What the exercise asks:
How do the lines below between the ones holding "Chandooivy Imported Sheep" and "Fotos/Postkarten verwendet werden.", inclusive, read? Give them again exactly, with no other lines.

Information:
********
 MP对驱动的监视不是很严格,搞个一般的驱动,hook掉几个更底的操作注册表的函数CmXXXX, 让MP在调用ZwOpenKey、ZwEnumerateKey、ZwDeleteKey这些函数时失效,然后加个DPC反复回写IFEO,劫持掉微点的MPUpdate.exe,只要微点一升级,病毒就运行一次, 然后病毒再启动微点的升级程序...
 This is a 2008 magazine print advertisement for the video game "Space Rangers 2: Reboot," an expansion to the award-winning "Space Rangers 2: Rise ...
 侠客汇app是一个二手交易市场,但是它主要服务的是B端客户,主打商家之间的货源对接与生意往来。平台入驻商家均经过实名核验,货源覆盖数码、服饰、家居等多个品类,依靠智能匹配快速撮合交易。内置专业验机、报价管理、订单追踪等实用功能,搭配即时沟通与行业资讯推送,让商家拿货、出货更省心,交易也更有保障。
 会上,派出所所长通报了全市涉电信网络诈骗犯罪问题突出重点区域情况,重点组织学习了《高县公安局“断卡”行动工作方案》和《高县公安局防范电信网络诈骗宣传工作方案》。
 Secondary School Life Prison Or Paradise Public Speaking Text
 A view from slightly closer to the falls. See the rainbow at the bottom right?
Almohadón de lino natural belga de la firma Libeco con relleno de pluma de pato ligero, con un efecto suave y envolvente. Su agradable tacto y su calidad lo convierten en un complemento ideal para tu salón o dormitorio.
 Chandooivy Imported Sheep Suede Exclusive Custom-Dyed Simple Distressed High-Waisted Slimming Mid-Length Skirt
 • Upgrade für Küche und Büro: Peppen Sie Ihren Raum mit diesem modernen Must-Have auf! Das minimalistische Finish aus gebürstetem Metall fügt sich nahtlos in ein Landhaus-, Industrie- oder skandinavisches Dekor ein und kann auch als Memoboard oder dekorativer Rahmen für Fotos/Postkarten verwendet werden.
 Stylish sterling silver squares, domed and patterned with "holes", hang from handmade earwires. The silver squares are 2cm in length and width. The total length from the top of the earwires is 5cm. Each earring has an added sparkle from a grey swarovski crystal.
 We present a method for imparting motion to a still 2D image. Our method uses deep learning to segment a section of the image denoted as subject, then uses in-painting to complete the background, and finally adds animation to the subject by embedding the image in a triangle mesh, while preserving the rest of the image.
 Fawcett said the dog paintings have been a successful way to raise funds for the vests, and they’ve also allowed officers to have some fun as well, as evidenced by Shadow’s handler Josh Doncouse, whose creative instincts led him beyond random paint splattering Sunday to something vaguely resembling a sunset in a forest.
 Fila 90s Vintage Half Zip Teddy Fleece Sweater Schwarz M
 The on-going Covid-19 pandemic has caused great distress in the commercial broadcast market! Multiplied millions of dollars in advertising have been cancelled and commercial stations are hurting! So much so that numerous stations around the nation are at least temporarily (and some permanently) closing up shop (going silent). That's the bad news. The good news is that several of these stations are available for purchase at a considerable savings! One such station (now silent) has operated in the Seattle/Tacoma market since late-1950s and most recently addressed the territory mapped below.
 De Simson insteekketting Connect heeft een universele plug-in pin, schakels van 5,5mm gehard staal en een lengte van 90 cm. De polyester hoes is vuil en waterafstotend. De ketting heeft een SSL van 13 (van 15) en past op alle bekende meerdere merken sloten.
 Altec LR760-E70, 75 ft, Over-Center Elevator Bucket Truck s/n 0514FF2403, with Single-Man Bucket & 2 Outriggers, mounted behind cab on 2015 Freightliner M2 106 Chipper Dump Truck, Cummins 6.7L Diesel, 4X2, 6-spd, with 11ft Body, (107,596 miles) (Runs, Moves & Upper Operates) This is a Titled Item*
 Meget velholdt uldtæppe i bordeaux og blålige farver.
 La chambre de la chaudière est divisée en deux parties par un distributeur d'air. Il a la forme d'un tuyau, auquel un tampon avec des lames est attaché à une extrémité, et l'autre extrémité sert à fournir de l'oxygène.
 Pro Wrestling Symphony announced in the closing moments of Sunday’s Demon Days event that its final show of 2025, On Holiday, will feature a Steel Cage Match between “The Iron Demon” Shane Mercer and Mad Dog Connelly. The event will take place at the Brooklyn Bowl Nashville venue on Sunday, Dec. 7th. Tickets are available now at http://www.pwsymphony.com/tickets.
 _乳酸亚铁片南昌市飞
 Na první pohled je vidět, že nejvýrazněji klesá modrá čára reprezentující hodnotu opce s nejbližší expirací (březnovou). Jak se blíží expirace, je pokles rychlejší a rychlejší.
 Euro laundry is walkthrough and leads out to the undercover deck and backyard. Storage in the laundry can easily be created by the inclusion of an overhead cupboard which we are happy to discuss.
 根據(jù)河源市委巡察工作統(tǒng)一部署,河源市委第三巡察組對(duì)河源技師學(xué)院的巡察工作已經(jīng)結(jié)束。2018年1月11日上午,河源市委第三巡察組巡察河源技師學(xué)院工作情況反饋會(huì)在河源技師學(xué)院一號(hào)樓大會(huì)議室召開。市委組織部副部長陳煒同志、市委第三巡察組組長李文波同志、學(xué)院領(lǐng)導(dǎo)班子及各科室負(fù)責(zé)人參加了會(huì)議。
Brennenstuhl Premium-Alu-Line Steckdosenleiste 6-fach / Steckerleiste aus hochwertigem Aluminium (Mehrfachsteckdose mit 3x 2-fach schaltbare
********
Response:
 Chandooivy Imported Sheep Suede Exclusive Custom-Dyed Simple Distressed High-Waisted Slimming Mid-Length Skirt
 • Upgrade für Küche und Büro: Peppen Sie Ihren Raum mit diesem modernen Must-Have auf! Das minimalistische Finish aus gebürstetem Metall fügt sich nahtlos in ein Landhaus-, Industrie- oder skandinavisches Dekor ein und kann auch als Memoboard oder dekorativer Rahmen für Fotos/Postkarten verwendet werden.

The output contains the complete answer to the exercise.